[Start of section]

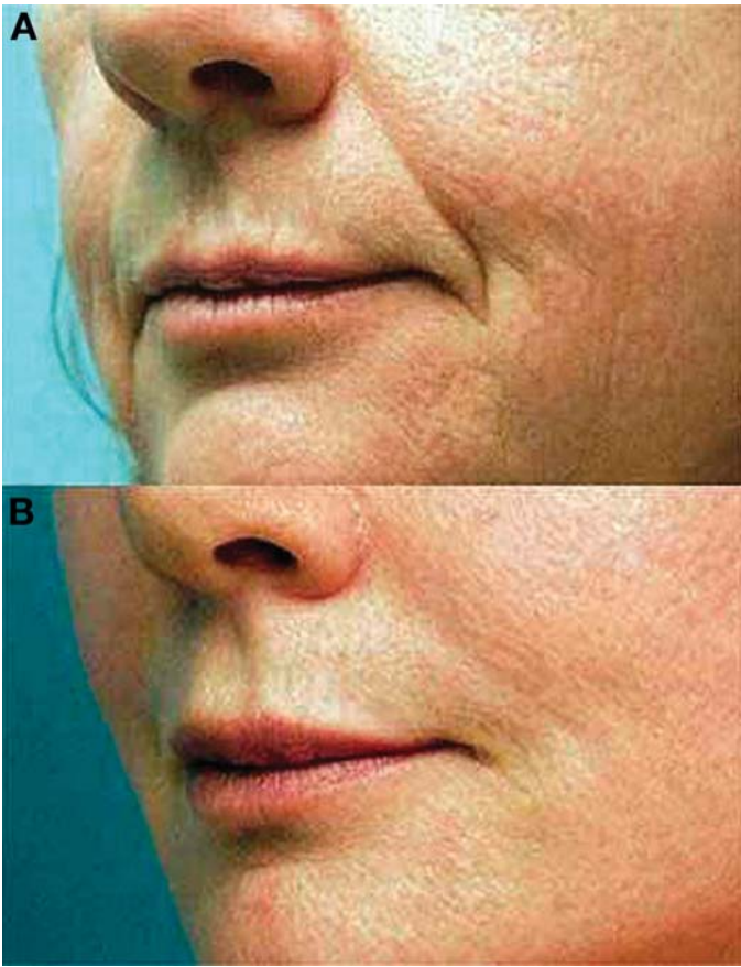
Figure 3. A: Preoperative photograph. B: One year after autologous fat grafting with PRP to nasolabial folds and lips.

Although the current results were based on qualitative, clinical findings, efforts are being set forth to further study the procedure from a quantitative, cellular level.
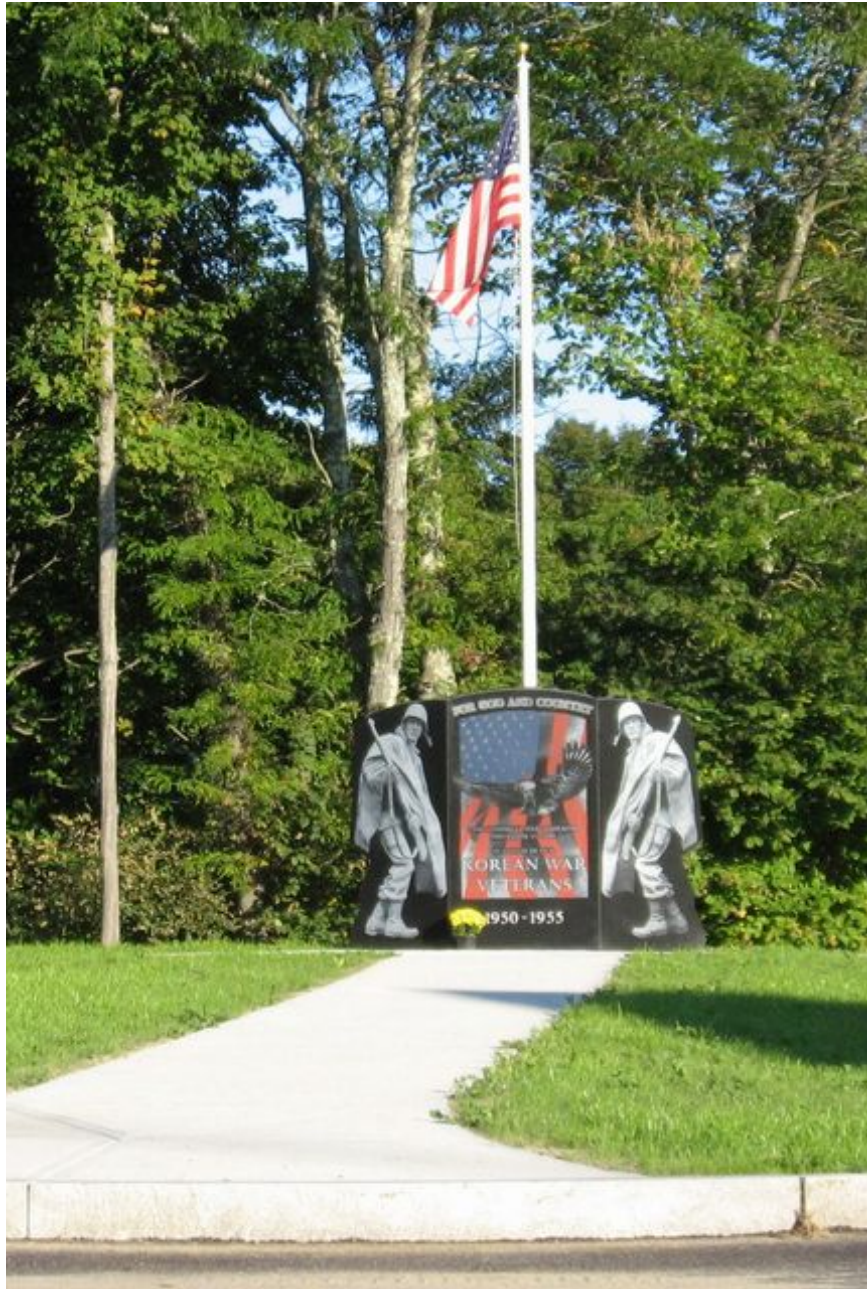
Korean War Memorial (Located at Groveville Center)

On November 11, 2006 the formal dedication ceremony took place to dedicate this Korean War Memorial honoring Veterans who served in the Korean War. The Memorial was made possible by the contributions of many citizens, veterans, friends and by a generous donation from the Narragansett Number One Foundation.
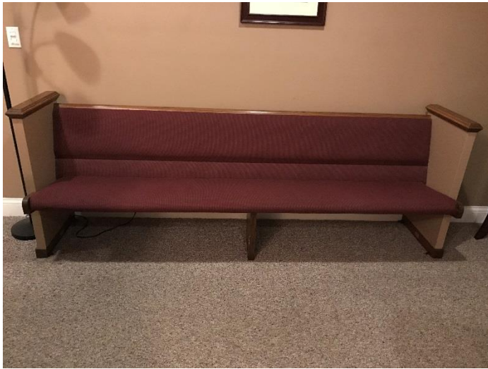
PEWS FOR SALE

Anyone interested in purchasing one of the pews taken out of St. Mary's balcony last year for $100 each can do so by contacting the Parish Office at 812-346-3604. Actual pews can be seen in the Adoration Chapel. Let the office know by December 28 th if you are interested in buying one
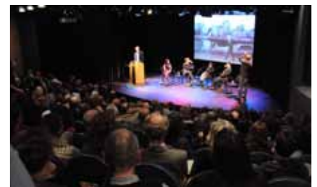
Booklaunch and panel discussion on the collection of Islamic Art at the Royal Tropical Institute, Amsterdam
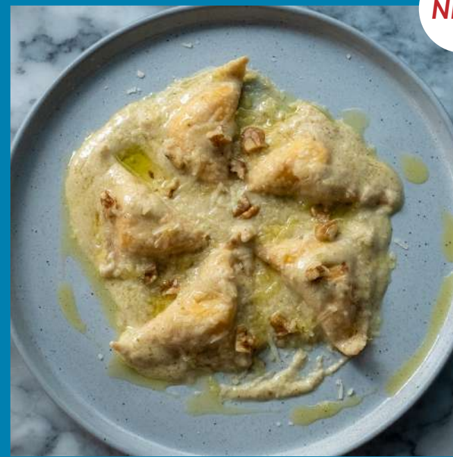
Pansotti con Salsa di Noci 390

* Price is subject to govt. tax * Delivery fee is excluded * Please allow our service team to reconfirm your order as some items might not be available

[End of section]

TASK REQUIREMENTS >> Give back the listing exactly, without a single picture.

FINISHED TASK >>
Figure 3. A: Preoperative photograph. B: One year after autologous fat grafting with PRP to nasolabial folds and lips.

Although the current results were based on qualitative, clinical findings, efforts are being set forth to further study the procedure from a quantitative, cellular level.
Korean War Memorial (Located at Groveville Center)

On November 11, 2006 the formal dedication ceremony took place to dedicate this Korean War Memorial honoring Veterans who served in the Korean War. The Memorial was made possible by the contributions of many citizens, veterans, friends and by a generous donation from the Narragansett Number One Foundation.
PEWS FOR SALE

Anyone interested in purchasing one of the pews taken out of St. Mary's balcony last year for $100 each can do so by contacting the Parish Office at 812-346-3604. Actual pews can be seen in the Adoration Chapel. Let the office know by December 28 th if you are interested in buying one
Booklaunch and panel discussion on the collection of Islamic Art at the Royal Tropical Institute, Amsterdam
Pansotti con Salsa di Noci 390

* Price is subject to govt. tax * Delivery fee is excluded * Please allow our service team to reconfirm your order as some items might not be available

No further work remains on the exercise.